Предоставлено П. Е. Чумаковым

Как бы критически или одобрительно мы ни относились к статистическим материалам о размерах старообрядческих приходов в УКВ в XVIII–XIX веках, записанным самими староверами, православным Синодом, различными государственными учреждениями и частными исследователями, одно не поддаётся сомнению: несмотря на организованные усилия государства ослабить влияние и популярность «раскола» в УКВ, старообрядческие приходы намного превышали своей численностью православные приходы. И почти все, когда-либо писавшие на тему старообрядчества в УКВ, отмечали, что многие, посещавшие православную церковь, делали это исключительно из карьерных соображений (см. приложение к этой главе). Зачастую бывало и так, по свидетельству того же Витевского, что начальник, посещавший православную или даже единоверческую церковь, пока он находился на службе, начинал креститься двупёрстно, отпускал бороду и начинал посещать какой-нибудь старообрядческий толк, как только он уходил в отставку. Бывали случаи, когда по выходе в отставку казаки принимали и схиму, как это сделал полковник Буренин, герой Отечественной войны. Закончив свою военную карьеру, он поселился в старообрядческом Сергиевом скиту, постригся в монахи и прожил остаток своей жизни в аскетизме и молитвах (Витевский, стр. 68). Поверхностность православия в администрации УКВ была известна и центральным властям. Например, епископ Лука писал по поводу антираскольничьих меропрятий, проводимых в ЯКВ (то есть в Яицком войске, ещё до Пугачёвского восстания), что «войсковой атаман и старшины, при бывшем розыске о раскольниках, оказались в наибольшем подозрительстве» («УВВ», 1870, № 19).
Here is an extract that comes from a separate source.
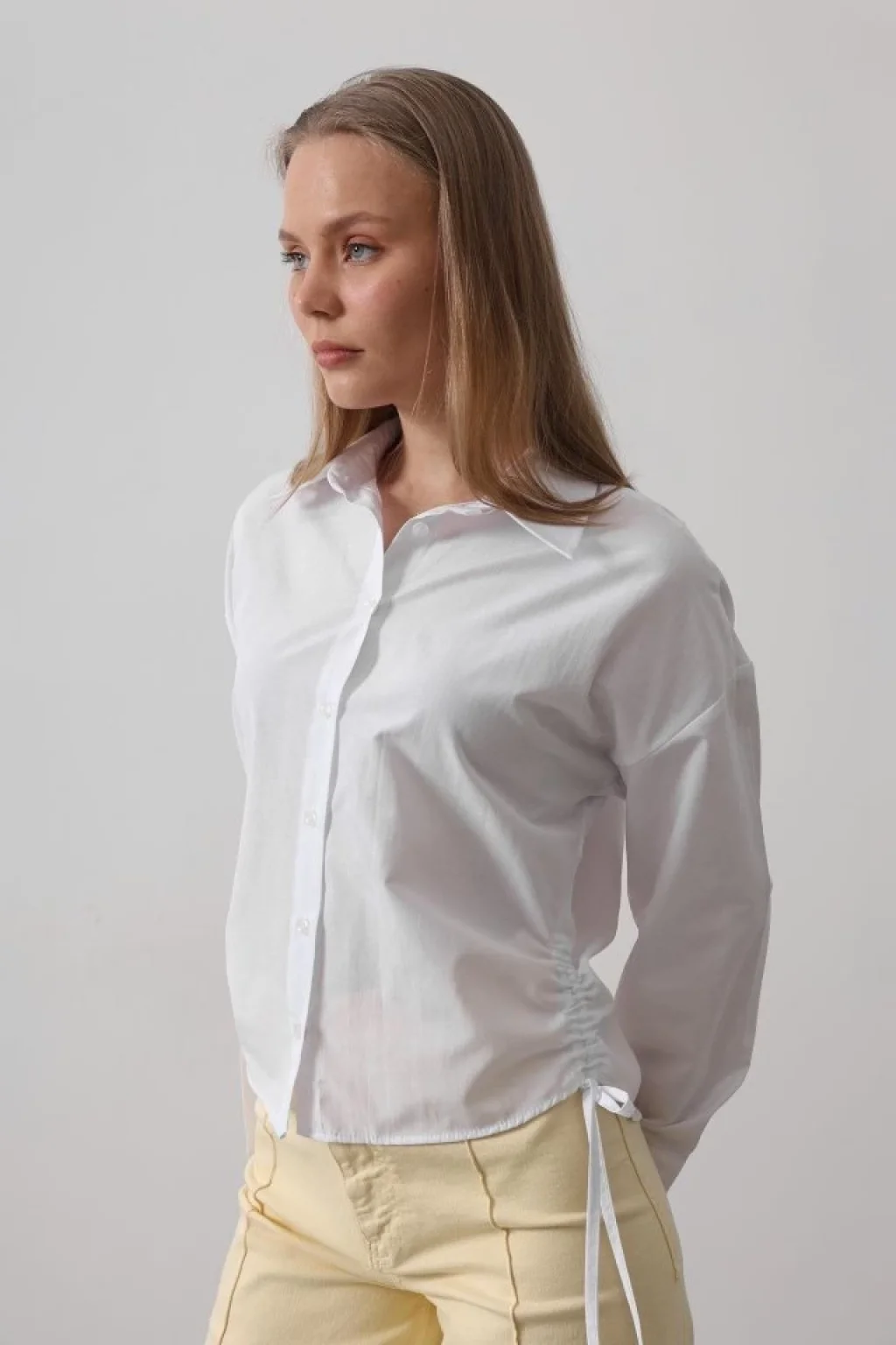 Yanları Bağlamalı Basic Gömlek - Beyaz

Важность старообрядчества в УКВ государство понимало. Попытки извести «раскол» в УКВ были бы равны ведению операции против самого УКВ, поэтому в 1756 году по ходатайству оренбургского губернатора И. И. Неплюева Военная коллегия приказала «всякие розыски и преследования раскольников на Яике прекратить». А Екатерина II в 1795 году официально узаконила право уральских казаков употреблять старопечатные книги и старые обряды. Однако буква царских указов расходилась с буквой государственной политики по отношению к староверам. Война со старообрядчеством была и довольно явной, и подспудной. Было даже такое предложение атамана Столыпина: «На бумаге считать раскол уничтоженным в войске Уральском, то есть официально не упоминать о нём. Правительство докажет этим своё пренебрежение к политическому значению раскола» (Витевский, стр. 122).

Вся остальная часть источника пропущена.